Effective implementation of current NN models could be done in software or hardware systems. For instance, the synaptic weights of the proposed architectures could be implemented with an algorithm in Python, able to automatically read datasets from patients electronic records (NN architecture and synaptic weights of the guided one-hidden layer MLP model is included in the Supplementary material) (Fig. 2).

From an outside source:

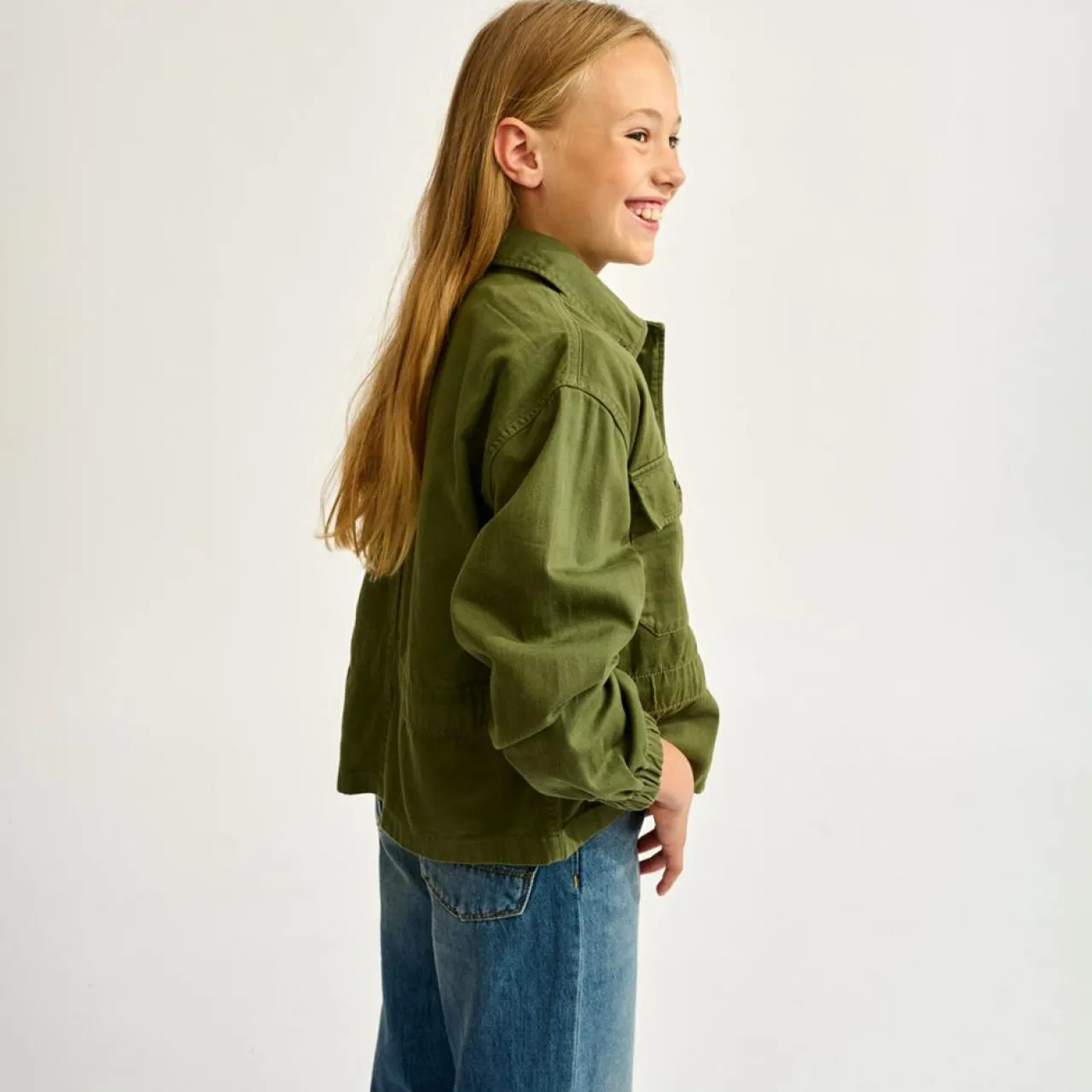 Confectionnée en denim 100% coton coloris kaki militaire, WAZUCAR figure un style authentique et une coupe oversize avec boutons métalliques, manches élastiques et taille à cordon

Some limitations should be considered in the present study. First, although NN algorithms can implicitly detect complex non-linear relationships between independent and dependent variables and have the ability to solve possible interactions between predictor variables, NN are also a black box requiring greater computational resources and have limited ability to identify possible causal relationships. Second, candidate variables for the GRACE predictive model were originally selected from clinical variables extracted from previously published studies and on clinical experts opinions; then, a multiple logistic analysis was done to eliminate those factors not associated with mortality1. Consequently, it should be considered that input variables used to train current NN algorithms have been guided at least by one previous logistic regression analysis. This paradox could generate some bias when comparing performances between NN methods and logistic regression. One reason for improving risk prediction models is score simplification; however, since some of the current proposed models include even more variables than the original GRACE score, this condition could be seen as a disadvantage. However, better score performances are difficult to achieve, using less predictive variables. Ideally, risk prediction could be automatically calculated with an NN-based system by directly accessing data from patients electronic records.
Conclusion
In conclusion, this study explored NN algorithms to predict in-hospital mortality following acute coronary syndrome. Treatment of individual predictors of the GRACE score with NN algorithms improved accuracy and discrimination power in all models with respect to the traditional logistic regression approach; nevertheless, PPV was only marginally enhanced. Only unguided variable selection would be able to achieve better results in PPV terms. In short, current findings demonstrated that NN-based models with a guided or unguided previous selection of potential predictors offered alternative medical modeling to the traditional logistic regression approach of the GRACE score.